◆ WHAT TO DO ◆
Pick out each line below containing "containers".

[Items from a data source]
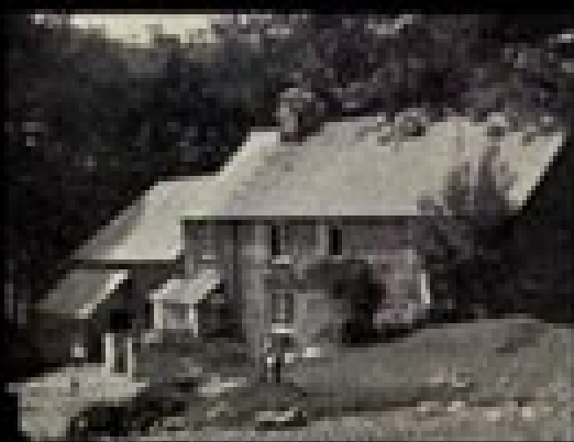
RUDDYFORD FROM THE WHIRLWIND
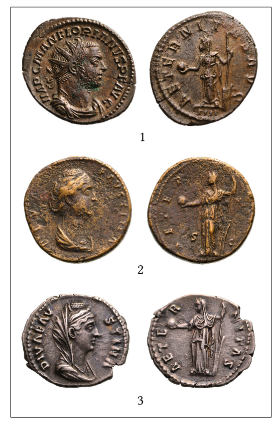
Fig. 7. 1. Florian, antoninian. 2. Faustina Maior, sestertius. 3. Faustina Maior, denarius.

or small medallions and not regular currency. I have collected the weight of 32 coins from catalogues and sales, <sup>17</sup> the great variation of weight is obvious. I do not know of a metallographical analysis made on these coins, but most of them seem to be made of silver, while a few one look like bronze coins. It is very likely that the Helena silver coins were meant to be siliquae, but as they were not regular currency, it is not possible to date them on the basis of weight and silver content.
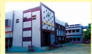
● School Buildings

7. Exhibition : An exquisite Doll Exhibition depicting the lives and teachings of Sri Ramakrishna, Holy Mother Sri Sarada Devi and Swami Vivekananda is an added attraction in the Ashrama. Entry to the exhibition is free.
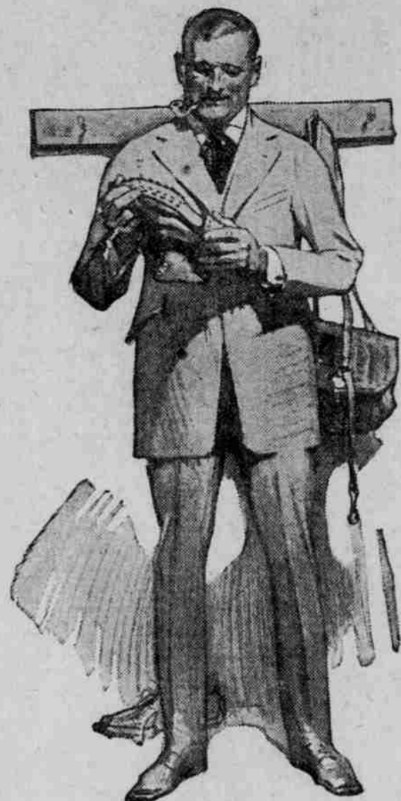
Copyright 1920 Hart Schaffner & Marx

You'll want some summer clothes to take on your vacation—here's a chance to save money.
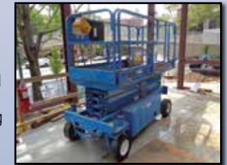
'96 JLG 20'

1996 JLG Model CM2033 Commander DC Electric Scissor Lift, s/n 0200025082, powered by 24 volt system and hydrostatic transmission, equipped with 20' platform height, 8'-11' extending platform with electric tool outlet, 750 lb. platform capacity, and solid tires. In good condition with good tires. (No Pothole Protection)
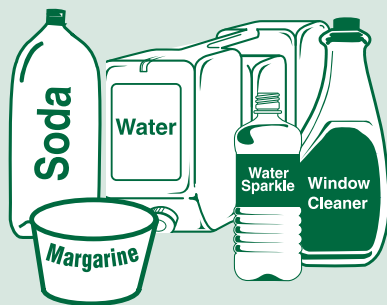
Plastics #1-7 containers
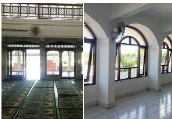
Figure 14. Body part of Asasuttaqwa Mosque

The body part of mosque building consists of two storey building which is dominated white color for show purity and cleanliness value as a worship place of Moslems. The body of mosque building is covered by a door and a window with a widely transparent glass because mosque located in side of main road which congested by vehicles to keep dust and dirt from the street does not enter into the prayer room and can give the impression of openness of space through the transparent glass are used. And used of arch element are intended to confirm the architectural styles of Middle East mosques that applied.
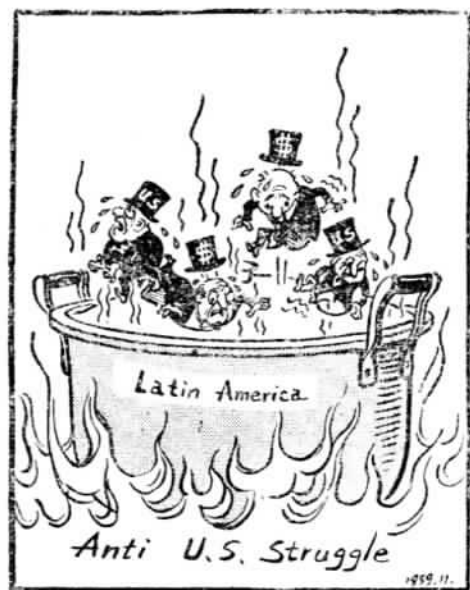
Something cooking By Cheng Wen-chung

Now an armed struggle of the Paraguayan people against the dictatorship
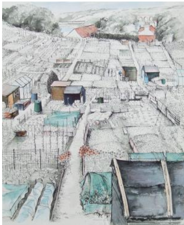
"View of the Lions Allotment II" Watercolour, pen and ink 70cm x 59cm
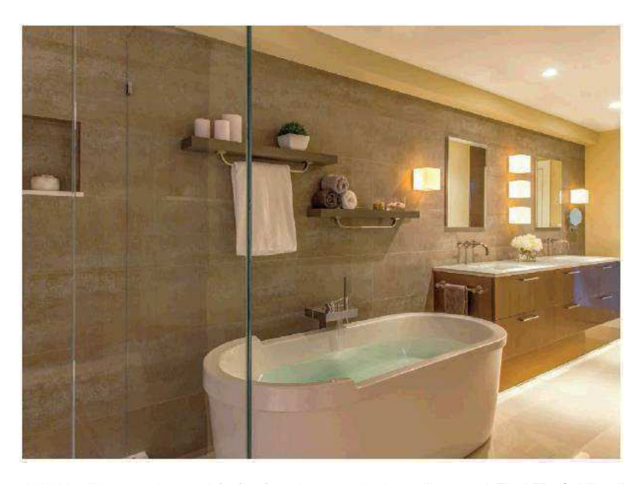
A WALL OF large-scale porcelain tile gives the master bath spa-like appeal. The LED "Cubi" wall sconces by Leucos Lighting contribute to the decidedly contemporary ambience.

Swanson worked with Jean Brooks Landscapes of Cambridge, Massachusetts, to select plantings for containers around the deck. Bold orange Janus et Cie umbrellas that pivot in all directions are bolted to the new Trex flooring, keeping them stationary when the wind picks up. "We didn't have proper umbrellas before. Now we are able to be up on the deck at all times of the day," says the wife. "It's really become a whole new floor to the house for us. We love it."
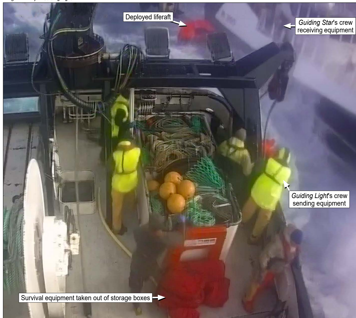
Figure 1: CCTV still, showing the transfer of survival equipment from Guiding Light to Guiding Star

Guiding Light's skipper steered the vessel close to the liferaft and the engineer used the power block to lower a rope to hoist two of Guiding Star's crew out of the liferaft and onto the quarterdeck. This was observed by the crew on board the rescue helicopter, which had just arrived on scene ( Figure 2 ). While trying to recover a third crew member, a large wave capsized the liferaft and its six occupants were thrown into the water. As Guiding Light was manoeuvred towards the overturned liferaft, the crew in the water grabbed hold of its lifelines. The power block was repositioned to lift three more crew members out of the water, including the skipper. At about 1249, Guiding Star became fully submerged by the stern, with its bow in the air. The radar continued to turn as the vessel sank. The rescue efforts were handed over to the coastguard rescue helicopter and its crew winched the last three Guiding Star crew members to safety between 1259 and 1312, before transferring them to hospital 3 . The five rescued crew members on board Guiding Light were checked over before the vessel departed the scene for Peterhead, Scotland, arriving at 0155 the following morning.
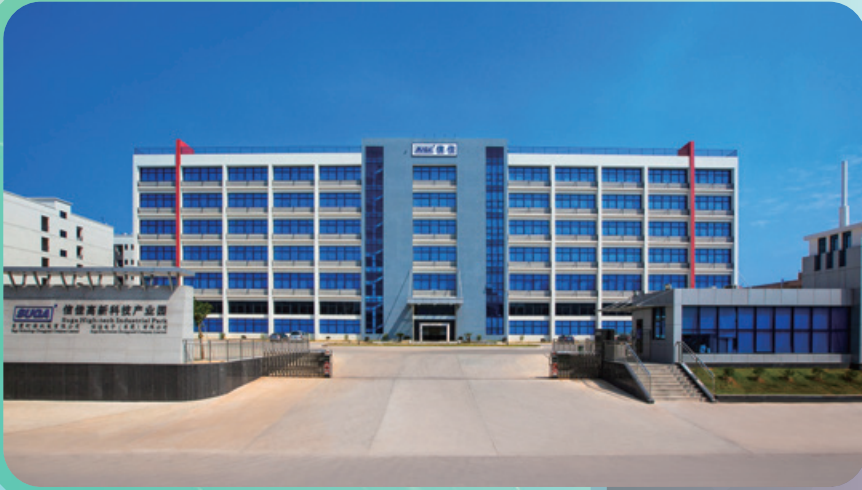
Factory in Dong Guan 東莞廠房

◆ RESPONSE AREA ◆
Plastics #1-7 containers
Swanson worked with Jean Brooks Landscapes of Cambridge, Massachusetts, to select plantings for containers around the deck. Bold orange Janus et Cie umbrellas that pivot in all directions are bolted to the new Trex flooring, keeping them stationary when the wind picks up. "We didn't have proper umbrellas before. Now we are able to be up on the deck at all times of the day," says the wife. "It's really become a whole new floor to the house for us. We love it."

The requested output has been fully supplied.